WORK ORDER:
Would you print the records below from the first line through the line containing "The living room", skipping the pictures?

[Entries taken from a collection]

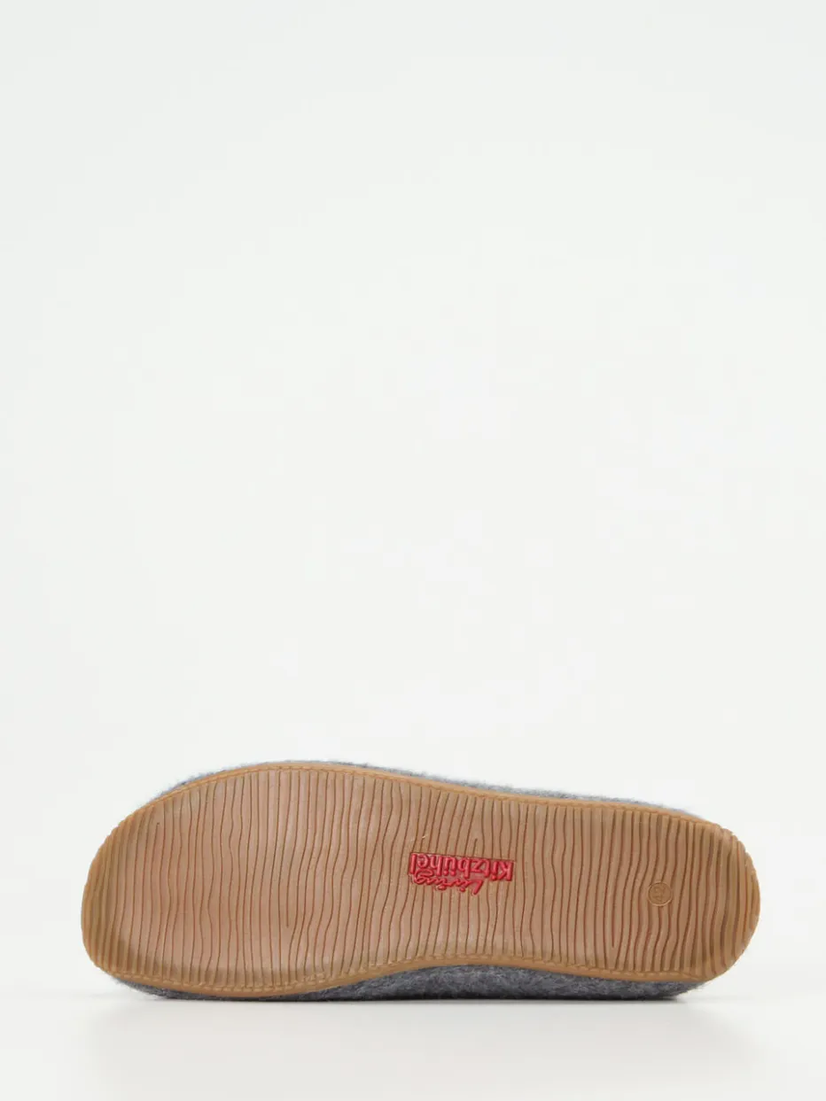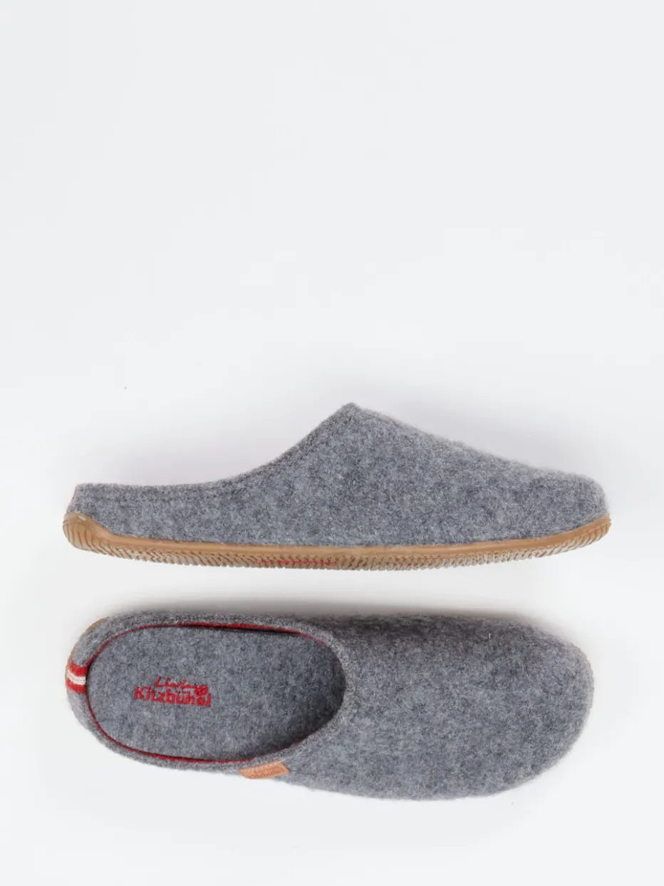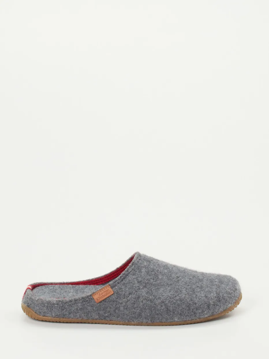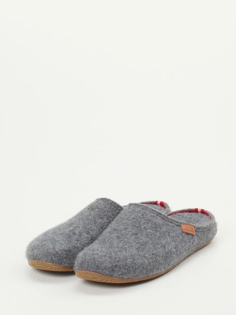 Natürlich warmer Hausschuhkomfort in alpiner Formensprache. Die Pantolette überzeugt mit hochwertiger Wollfilzqualität, rutschhemmender Gummisohle und entspanntem Design.
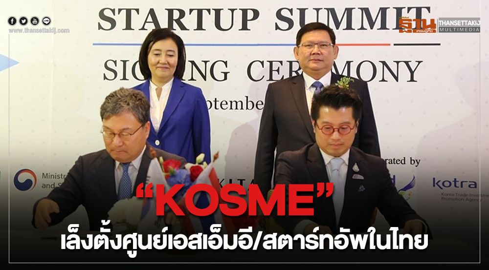 เอ็นไอเอร่วมมือ KOSME เพื่อพัฒนาและสนับสนุนการเติบโตของสตาร์ทอัพระหว่างประเทศ ชี้จะช่วยทำให้เติบโตได้แบบก้าวกระโดด ระบุเกาหลีเตรียมจัดตั้งศูนย์เอสเอ็มอีและสตาร์ทอัพในไทย
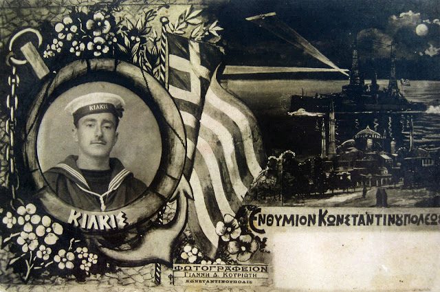Το φωτογραφείο «Γιάννη Δ. Κουριώτη – Κωνσταντινούπολις» έχει έτοιμο το μοντάζ της φωτογράφησης. Σε πρώτο πλάνο το σκίτσο της Αγιά Σοφιάς, στο βάθος αγκυροβολημένο το ελληνικό θωρηκτό ρίχνει τον προβολέα του και μέσα από το σημαιοστολισμένο σωσίβιο του «Κιλκίς» ο Κυριάκος Κούνες (νομίζω) ερμιονίτης φίλος του πατέρα μου, που υπηρετούσε σ αυτό.
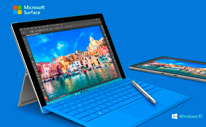 Microsoft Surface Pro 4 Microsoft Surface Pro 4 te ofrece la posibilidad de utilizar aplicaciones de nivel profesional. Con una pantalla PixelTouch de 12,3 pulgadas y una resolución de 2736 x 1824 (267 ppp), podrás editar vídeos HD de forma profesional, utilizando programas como Adobe® Premier® Pro CC3.
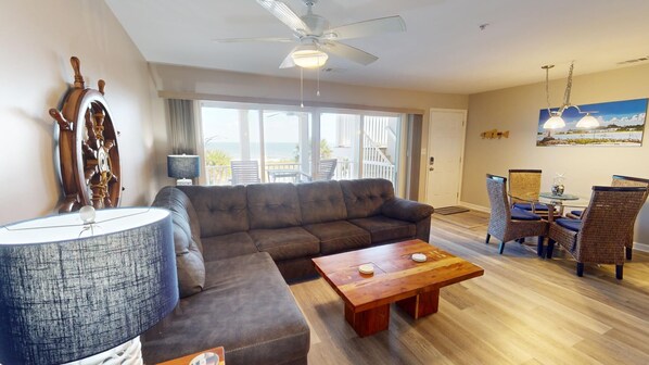 The living room features a large sectional sofa and flat-screen TV, perfect for cozy movie nights or afternoon naps after the beach. The kitchen is fully equipped with stainless steel appliances, ample counter space, and countertop seating for three—ideal for quick breakfasts or evening cocktails. A dining table just steps from the sliding glass balcony doors allows you to enjoy your meals with water and beach views. Both bedrooms are thoughtfully furnished with king-sized beds, offering a restful night’s sleep, while two full bathrooms and a washer/dryer add to the convenience of your stay.
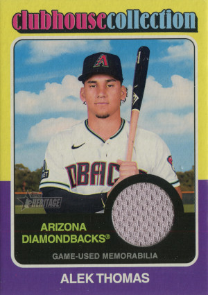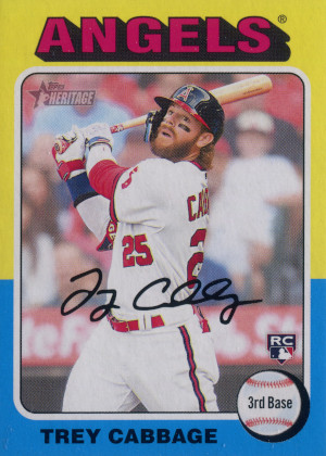 I purchased this 20-card 2024 Topps Heritage Baseball Retail Fat Pack for $6.99. It's guaranteed to contain a relic card. This year's design is based on 1975 Topps Baseball. It's considered by many to be one of the best Topps flagship designs of all time because of its innovative printed signatures.
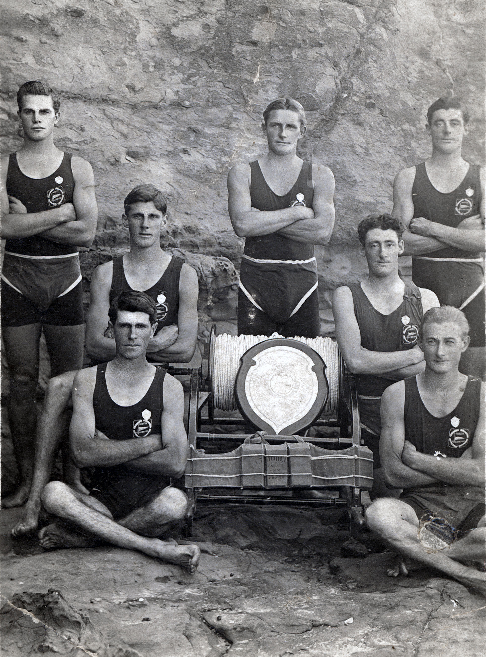 Caption: 1917 photo of North Wollongong Water Rats after winning 'Rescue and Resusetation' at Thirroul Easter Sports Carnival. Tom Irwin, seated second row on the left.
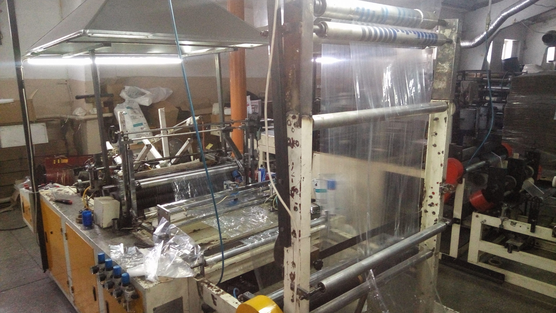 Продам пакетоделательную машину в хорошем состоянии со следующими характеристиками. Переделали сами из пакетоделательной машины по типу JR-700. Установили пневмовырубку, мельницу для сбора готовых пакетов с воздушным прижатием, а также сами изготовили угол для сворачивания пленки.
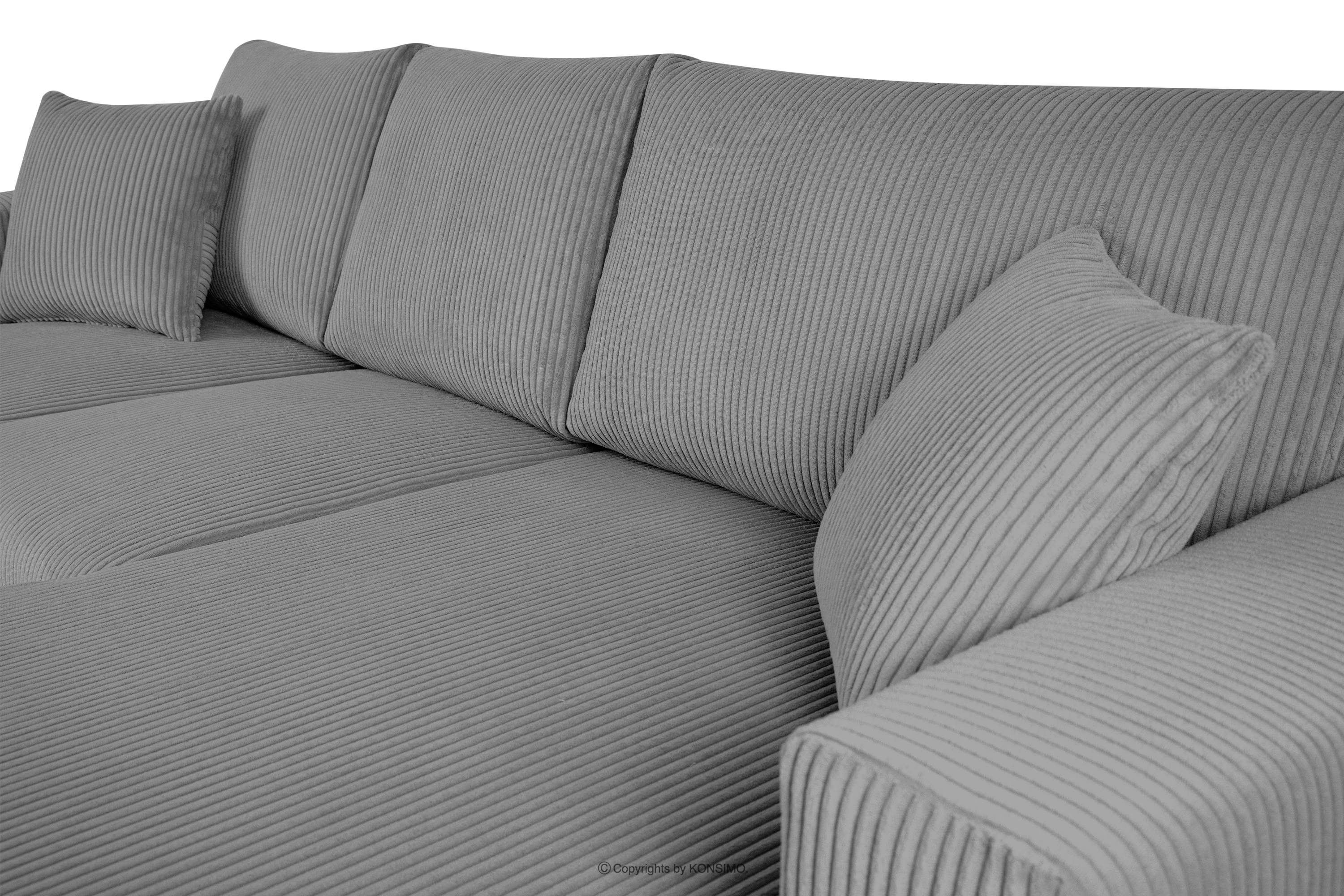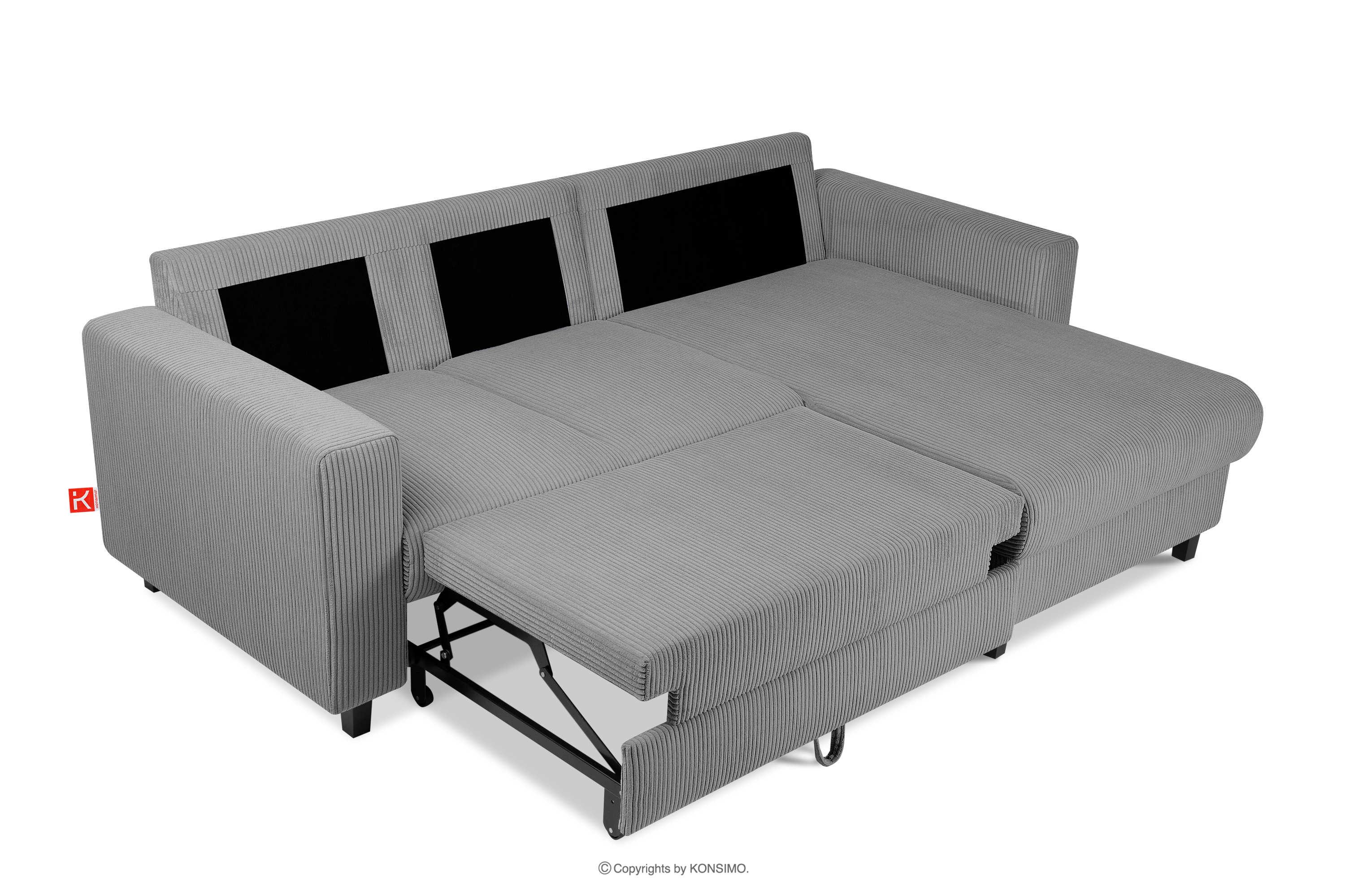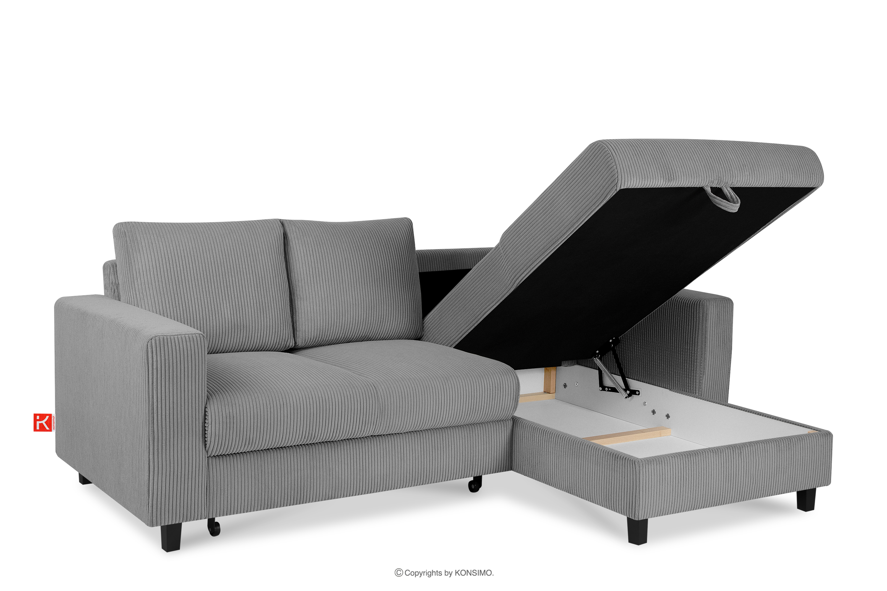 EGRET Ausziehbares Kordstoff-Ecksofa rechts auf Beinen in dunkelgrau

YOUR SOLUTION:
 Natürlich warmer Hausschuhkomfort in alpiner Formensprache. Die Pantolette überzeugt mit hochwertiger Wollfilzqualität, rutschhemmender Gummisohle und entspanntem Design.
 เอ็นไอเอร่วมมือ KOSME เพื่อพัฒนาและสนับสนุนการเติบโตของสตาร์ทอัพระหว่างประเทศ ชี้จะช่วยทำให้เติบโตได้แบบก้าวกระโดด ระบุเกาหลีเตรียมจัดตั้งศูนย์เอสเอ็มอีและสตาร์ทอัพในไทย
Το φωτογραφείο «Γιάννη Δ. Κουριώτη – Κωνσταντινούπολις» έχει έτοιμο το μοντάζ της φωτογράφησης. Σε πρώτο πλάνο το σκίτσο της Αγιά Σοφιάς, στο βάθος αγκυροβολημένο το ελληνικό θωρηκτό ρίχνει τον προβολέα του και μέσα από το σημαιοστολισμένο σωσίβιο του «Κιλκίς» ο Κυριάκος Κούνες (νομίζω) ερμιονίτης φίλος του πατέρα μου, που υπηρετούσε σ αυτό.
 Microsoft Surface Pro 4 Microsoft Surface Pro 4 te ofrece la posibilidad de utilizar aplicaciones de nivel profesional. Con una pantalla PixelTouch de 12,3 pulgadas y una resolución de 2736 x 1824 (267 ppp), podrás editar vídeos HD de forma profesional, utilizando programas como Adobe® Premier® Pro CC3.
 The living room features a large sectional sofa and flat-screen TV, perfect for cozy movie nights or afternoon naps after the beach. The kitchen is fully equipped with stainless steel appliances, ample counter space, and countertop seating for three—ideal for quick breakfasts or evening cocktails. A dining table just steps from the sliding glass balcony doors allows you to enjoy your meals with water and beach views. Both bedrooms are thoughtfully furnished with king-sized beds, offering a restful night’s sleep, while two full bathrooms and a washer/dryer add to the convenience of your stay.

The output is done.